Love is Where Dreams Go to Die

On love, creativity, and the inevitable pull towards complacency

Relationships are where dreams go to die. They lure you in with promises of completion, a false sense of perfection, as though finally someone else can understand and fulfill the parts of you that gnaw and ache. You get in deep enough, get wrapped up in someone else, and before you know it, you’re "happy." You’re comfortable. An insidious word, one that dulls your senses and makes you a shell of yourself. You stop pushing, stop creating, and slowly, almost imperceptibly, you’re fat and content.

"Fat and happy." It’s a backhanded phrase, and for good reason. It’s a truth society whispers but rarely admits outright: happiness, the kind they sell you, is the enemy of art. You want security, comfort, a partner who shares your life? Fine. But that’s the price: creativity gives way to routine, and your mind, once rumbling with restless ideas, falls into stasis. I can’t fault people for this; life is brutal, and a padded existence is better than none at all. But the things that stand the test of time don’t come from comfort. It comes from friction, from despair and longing, from the sharp edges that happiness seeks to smooth over.

For men, especially, inspiration has been a constant companion of darkness. It is despair that drives you to the brink, that forces the inner world out into art, into music, into books, into anything but more comfort. All the great works? They were created not by happy men with steady jobs and nice houses but by those barely scraping along, finding fuel in sorrow and regret.

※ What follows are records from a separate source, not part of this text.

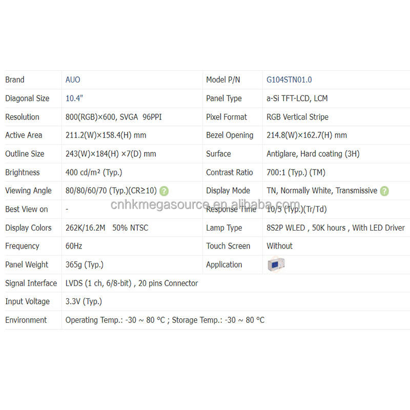Model:G104STN01.0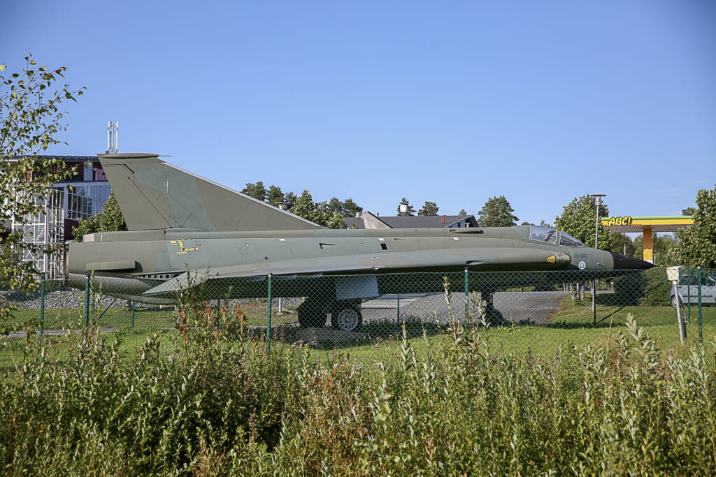 Kolmannen esillä olevan koneen moni tunnistaakin. Ilmavoimilla oli käytössä 48 ruotsalaisvalmisteista Saab J 35 Dragenia. Konetyypillä lennettiin vuodesta 1972 vuoteen 2000.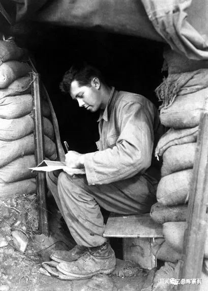 1951年11月15日,美軍第5期兵團一等兵德懷特在前線寫家信。攝影 ames L. Chancellor。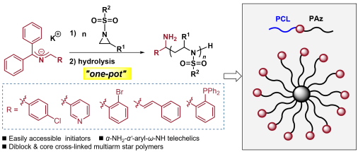 N-磺酰基取代的氮杂环丙烷的活性阴离子开环聚合是合成线性聚乙烯亚胺基高分子材料的重要合成方法,但是该聚合反应的引发剂往往局限于非功能化的N-苄基-磺酰胺,不利于聚合物链末端的功能化或进一步修饰(post-modification)合成嵌段或复杂拓扑结构聚乙烯亚胺基高分子材料。该研究首次采用易于制备的2-氮杂烯丙基阴离子作为引发剂开环聚合N-磺酰基取代的氮杂环丙烷,并且通过“一锅法”进行开环聚合反应和端基亚胺水解反应高效合成了伯胺为端基的聚氮杂环丙烷遥爪聚合物(图1)。合成的聚合产物具有明确的端基,很窄的分散度(Ð< 1.20),且分子量可通过单体与引发剂的比例进行严格控制。动力学研究揭示了其一级反应动力学及分子量可控的“活性”聚合特征。合成的遥爪聚合物的端基具有伯胺基团,可在辛酸亚锡的催化下进一步引发了ε-己内酯的开环聚合制备PAz-b-PCL嵌段聚合物。另外,遥爪聚合物的ω-NH端基也可作为引发基团,通过在膦腈配体t-Bu-P4的催化下与过量的双氮杂环丙烷取代的双酚A交联剂开环聚合合成核交联的多臂星状聚合物。

The meme is true: a man doesn’t need much to be content. Just a mattress on the floor, a space to think, unclouded by pillows and platitudes. But the trappings of relationships bring that inescapable march toward domestic mediocrity: throw pillows and decor that quietly mock you, each one a small nail in the coffin of who you once were. It's death by a thousand paper cuts, small and inconsequential on their own but lethal when compounded over time.

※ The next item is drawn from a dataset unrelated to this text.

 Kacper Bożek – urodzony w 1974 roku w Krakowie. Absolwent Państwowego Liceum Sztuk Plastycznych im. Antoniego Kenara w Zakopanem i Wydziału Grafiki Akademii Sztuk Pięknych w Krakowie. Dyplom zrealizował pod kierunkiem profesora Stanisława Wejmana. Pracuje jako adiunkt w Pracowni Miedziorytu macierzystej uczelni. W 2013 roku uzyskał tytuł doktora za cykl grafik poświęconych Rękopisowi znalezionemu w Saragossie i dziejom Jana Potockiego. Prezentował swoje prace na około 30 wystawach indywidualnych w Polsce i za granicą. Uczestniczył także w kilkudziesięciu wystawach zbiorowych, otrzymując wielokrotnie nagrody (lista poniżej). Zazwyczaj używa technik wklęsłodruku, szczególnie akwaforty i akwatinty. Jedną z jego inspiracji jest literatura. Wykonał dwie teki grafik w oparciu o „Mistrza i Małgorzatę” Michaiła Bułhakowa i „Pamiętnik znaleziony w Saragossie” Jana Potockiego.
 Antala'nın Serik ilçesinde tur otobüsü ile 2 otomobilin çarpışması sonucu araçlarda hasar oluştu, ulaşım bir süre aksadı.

Because let’s be real: most relationships are simply arrangements of mutual toleration, stability dressed up as satisfaction. They aren’t magic; they’re endurance exercises. A way to stave off loneliness, even if it means you sacrifice your spark on the altar of “good enough.” They are tranquilizers, designed to soothe the restless, the dissatisfied, into submission.

And maybe some people are built for that, those with a tolerance for banality, who find solace in stability. But the others, the ones with spirit, who need to burn the ships, who thrive on zero attachment? They can’t survive these arrangements without losing what makes them alive. For them, happiness is too much to ask for, a wishful dream they’ll never see realized, not because they don’t want it, but because they know it’s the enemy of creation. It’s the anchor tied to their throats, offering security but dulling their appetite for risk.

So it’s ironic, then, that love is all we think about. Knowing full well the pitfalls, the suffocating comfort, the slow death of ambition, we still circle back to it, as though it has some kind of magnetic pull.

It’s like staring at the ocean, knowing the waves will drown you but still wading in, captivated by the promise of something beyond reason, beyond control. It’s true that we yearn for what we don’t have. Maybe that’s the beauty of it. That the very thing that drains us is also what draws us in, knowing we’ll lose parts of ourselves to it, knowing the price, and still, somehow, always hoping it will be different.